To anyone walking by, they would have seen a lone female, swaying in the night, looking as if she had been taken over by something not of this world. In a sense, she had been: her body took on its own movements without her commandeering them, and she was so relaxed it was simply luck she had remained standing. She stumbled around on occasions and looked as if she were floating the next.

There was no music, but her body seemed perfectly in time to whatever it was she was hearing. Singular animals appeared around the corners of her little clearing in the woods, and disappeared as if they had been stung. It was no place for them to be. They knew. They listened to the forces of nature and stayed away, lest they find out what would happen to them if they didn't.

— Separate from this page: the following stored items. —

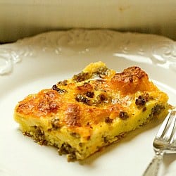 As promised yesterday, I bring you another breakfast casserole today. This one is more of the savory variety, with a heavy dose of sausage and cheese. Puffed pieces of bread, set with eggs, and...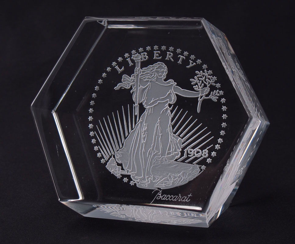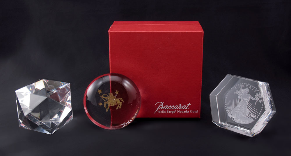 GROUP OF 3 FRENCH BACCARAT CRYSTAL PAPERWEIGHTS: 1) Intaglio cut Walking Liberty coin, 3'', in the original box. 20 Many facets, 3''. 3) Sagittarius, 3 1/4''.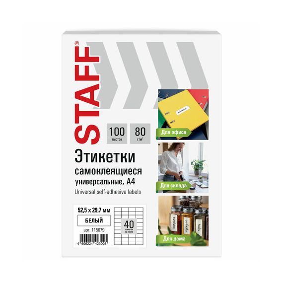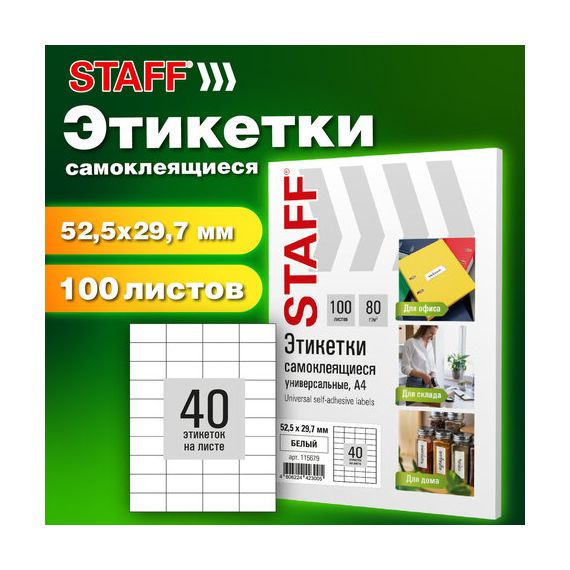 Этикетка самоклеящаяся 52,5х29,7 мм, 40 этикеток, белая, 80 г/м2, 100 листов, STAFF BASIC, 115679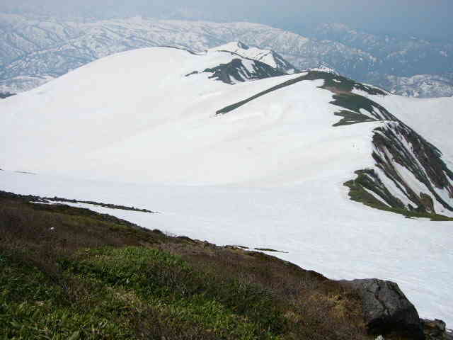 雪は鍛冶小屋の下から付いていました。 牛首に向けてハイクアップ。 山頂から姥ヶ岳。ダイレクトにスキー場に戻るラインはトラバース道場。
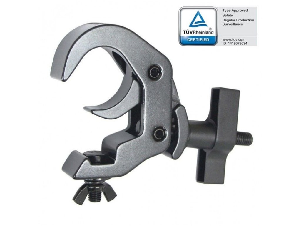 Profesjonalny, bardzo łatwy w użyciu uchwyt szybkozłączny typu Omega od Stand4Me. Uchwyt umożliwia mocowanie reflektorów, efektów świetlnych i innego wyposażenia scenicznego do różnych typów konstrukcji kratownicowych systemów bi, tri i quadro, z rurami o średnicy 48 - 51 mm. Uchwyt jest przykręcany bezpośrednio do urządzenia, co umożliwia jego szybki montaż na konstrukcji kratownicowej. Dzięki zastosowaniu praktycznych śrub motylkowych i solidnej metalowej konstrukcji, uchwyt wytrzymuje obciążenie do 250 kg!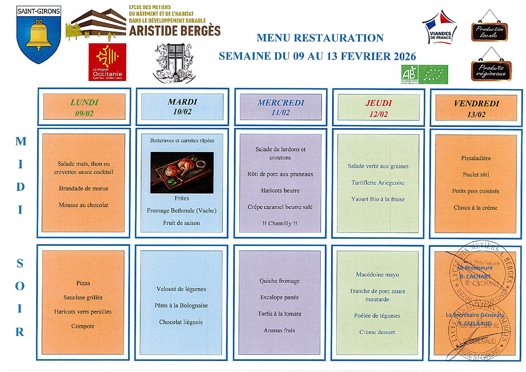 Menus du 9 au 13 février 2026

The girl danced for almost an infinite amount of time. When she opened her eyes and ceased her wind-pushed movements, it seemed to her as if no time had passed at all. She looked up at the stars, noted they had moved a little in the sky.

Her face was dark, but behind her enormously wide irises was a light, as a fire had hastily been lit and someone was blowing gently on it to keep the flames going. She bowed to someone in the undergrowth – or perhaps there was no one there at all. She dropped to her knees, whispered a prayer to a talisman she clasped her hands.

In a dreamlike state, she walked to the edge of the clearing. Animals rustled in the bushes and her feet began to make footprints on freshly-falling snow. She did not fear the creatures, even though plenty of them could easily kill her. She did not feel the cold. All she could feel was a sense of serenity. She walked as if she were flying. Perhaps, to a passer-by, it would seem that she was.